■ About this exercise ■
The result should hold only the lines from the one with "Anyway, the hubs" through the final line of the data below, transcribed exactly, pictures left out.

■ Given data ■
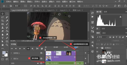 将帧移动滑鼠移动到需要剪切的音频处—>选择时间轴文本框中的剪刀工具—>点击音轨上的音频,即可将多余的音频减去
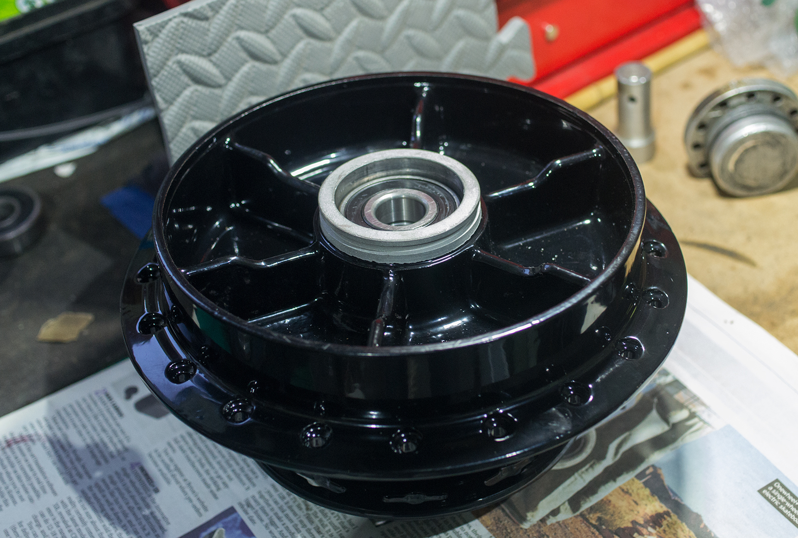 Anyway, the hubs were blasted and powder coated down at RPA in Bristol along with the frame etc, then I fitted new bearings. The original rear one had the inner spacer missing so a mate made me one out of ally, and I had an ally one made for the front hub too. Then I looked at what size wheels to go for. My Hinckley Bonneville has a 19" front and a 17" rear and I could see that there's a lot more choice of rear tyres in 17" compared to 18 so I mocked up the chassis with the original rear wheel and then the Bonnie one to see what it was like - bearing in mind that the rear end is jacked up slightly because of the different (Bandit) swingarm. I don't want it jacked right up like I see some, even if I'm tall enough to still ride those. Photos:
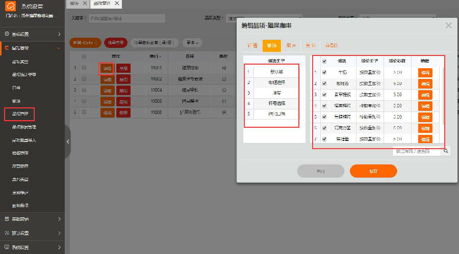 品项里面的口味:没有价格,一般用不到,做法:里面有价格可以筛选 (一般用这个)

■ Task output ■
 Anyway, the hubs were blasted and powder coated down at RPA in Bristol along with the frame etc, then I fitted new bearings. The original rear one had the inner spacer missing so a mate made me one out of ally, and I had an ally one made for the front hub too. Then I looked at what size wheels to go for. My Hinckley Bonneville has a 19" front and a 17" rear and I could see that there's a lot more choice of rear tyres in 17" compared to 18 so I mocked up the chassis with the original rear wheel and then the Bonnie one to see what it was like - bearing in mind that the rear end is jacked up slightly because of the different (Bandit) swingarm. I don't want it jacked right up like I see some, even if I'm tall enough to still ride those. Photos:
 品项里面的口味:没有价格,一般用不到,做法:里面有价格可以筛选 (一般用这个)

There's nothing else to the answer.